Explicit constraints override anchor status

When an ingredient constraint was introduced ("without artificial sweeteners"), anchor brands were excluded entirely — including Optimum Nutrition, which dominated every other query. Only brands with unmistakable clean-label identity qualified. Anchor status does not override absence of constraint-specific signals.

Optimum Nutrition (4/5 overall) did not appear. Constraint winners: Naked Whey, Allmax IsoNatural, Isopure Zero Carb, LeanFit — all with explicit "no artificial sweeteners" associations.

Pattern 03

Specialization narrows contextual eligibility

Highly engineered or performance-enhanced formulations appeared only in niche queries (e.g., muscle gain). They did not surface in broad "best" contexts. Specialization may increase relevance in narrow categories while reducing surface area across general queries.

MuscleTech Nitro Tech (creatine-enhanced) appeared only in muscle gain. Allmax Isoflex (fast-absorbing isolate) appeared in muscle gain and clean contexts only. Neither appeared in broad "best" queries.

Structural Model

How AI selection logic works

Across all patterns, AI brand selection appears to operate under layered logic. Brand visibility is conditional, not absolute.

Rule 01

Broad queries → consensus anchors

AI defaults to widely trusted, general-purpose brands when no constraint is present.

Rule 02

Constrained queries → eligibility filters

Explicit constraints apply hard filters. Anchor status does not compensate for lack of alignment.

Rule 03

Specialization → narrow eligibility

Specialized positioning increases depth in niche queries but reduces surface area in general ones.

What This Means for Brands

Signal gaps that determine visibility

Category anchor framing

Winning signal

Widely reinforced "industry standard" positioning. Framed as safe, general-purpose, and all-around. Described with consensus language across multiple sources.

Constraint alignment

Winning signal

Explicit and repeated association with a specific constraint (e.g., "no artificial sweeteners," "clean label").
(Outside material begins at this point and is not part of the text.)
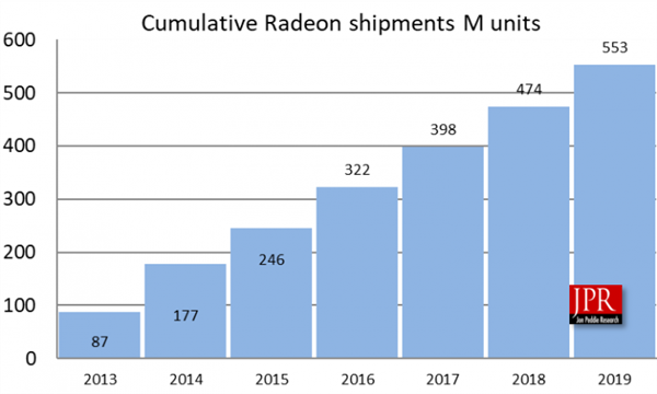 市调机构Jon Peddie Research今天发布了一组有趣的数据,显示了AMD 2013-2019年八年间GPU图形处理器的出货量,包括独立显卡、消费级APU、游戏机APU三大类。数据显示,AMD GPU 2013年的出货量仅为8700万颗,此后一路稳步增长,到了2019年累计已经达到5.53亿颗。

Ambiguity results in exclusion when constraints are applied.

Role clarity

Missing signal

Brands trying to simultaneously signal performance, value, and premium authority lack a stable, repeatable role — reducing summarizability in AI responses.

Notable absences

Missing entirely

Ghost Protein, Transparent Labs, Orgain, Garden of Life, and Vega did not appear in any query — despite category relevance and strong consumer awareness.

Closing Observation
The takeaway

Across the protein powder category, AI does not optimise for the most advanced formulation, the cleanest ingredients, or the lowest price. Instead, it favours brands that are easy to summarise, widely reinforced, and safely aligned with the context of the query. Visibility appears to be a function of signal clarity rather than brand familiarity alone.